I finished my coffee, squared my shoulders again, and steeled myself for the next step. I had no illusions. The hard part wasn’t over. But it was morning, and I was still here.

For the first time in a long time, I wanted to stay.

Rawley didn’t move from his post at the counter when I took my first step inside. He poured the second mug of coffee, set it precisely on the battered wood, and didn’t look up when I claimed it. The air between us was thick with words that neither of us wanted to be the first to spill.

I drank. The coffee was scalding, dark enough to stain the inside of your mouth for a week.

Good.

I needed the pain.

Rawley’s voice came out flat, stripped of everything but the bones. “How long?”

The question was a grenade with the pin already pulled.

“Since that night in the barn.” I didn’t bother softening it. “I didn’t know until later. By then—”

He cut me off with a sharp gesture, a flick of the fingers like he was dismissing a bad hand at poker. “You could’ve called him. Written. Anything.”

He turned, leaning his hips against the counter, arms crossed over his chest. His eyes were flint. “Instead you left him. Alone. He’s a fucking omega, Macon, not a goddamn Navy SEAL.”

I let the accusation hit me. I deserved it. “You think I don’t know that?” My voice sounded like gravel in my throat. “I thought if I left him alone, he’d have a chance at something better.
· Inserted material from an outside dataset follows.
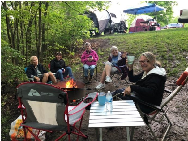
Pics from Summer of 2022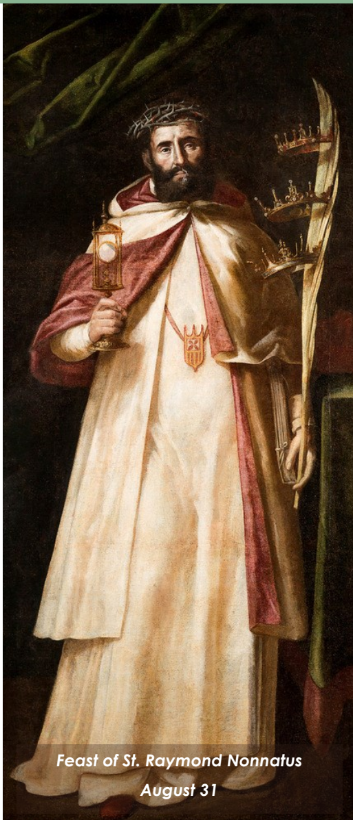
Feast of St. Raymond Nonnatus August 31

Someone who didn’t come with a load of baggage.”

Rawley’s jaw flexed. “You don’t get to decide that for him.”

“I know.”

For a minute, the only sound was the tick of the wall clock and the slow, deliberate sips of coffee as we stared each other down across the gulf of the kitchen.

“You love him?” The question was a sucker punch, thrown soft but landing hard.

“Doesn’t matter if I do or not. He’s mine now. Family.”

He scoffed. “Don’t romanticize it. He’s always been an afterthought to the family. Even now, his own father—” Rawley’s voice broke, and he snapped his mouth shut, furious at himself for the show of emotion.

“He’s not an afterthought to me,” I said, low. “Never was.”

He studied me. “So what now? You just move in together and play house? Raise a kid together like nothing happened?”

“I don’t know,” I said, because it was the truth. “I’m making it up as I go.”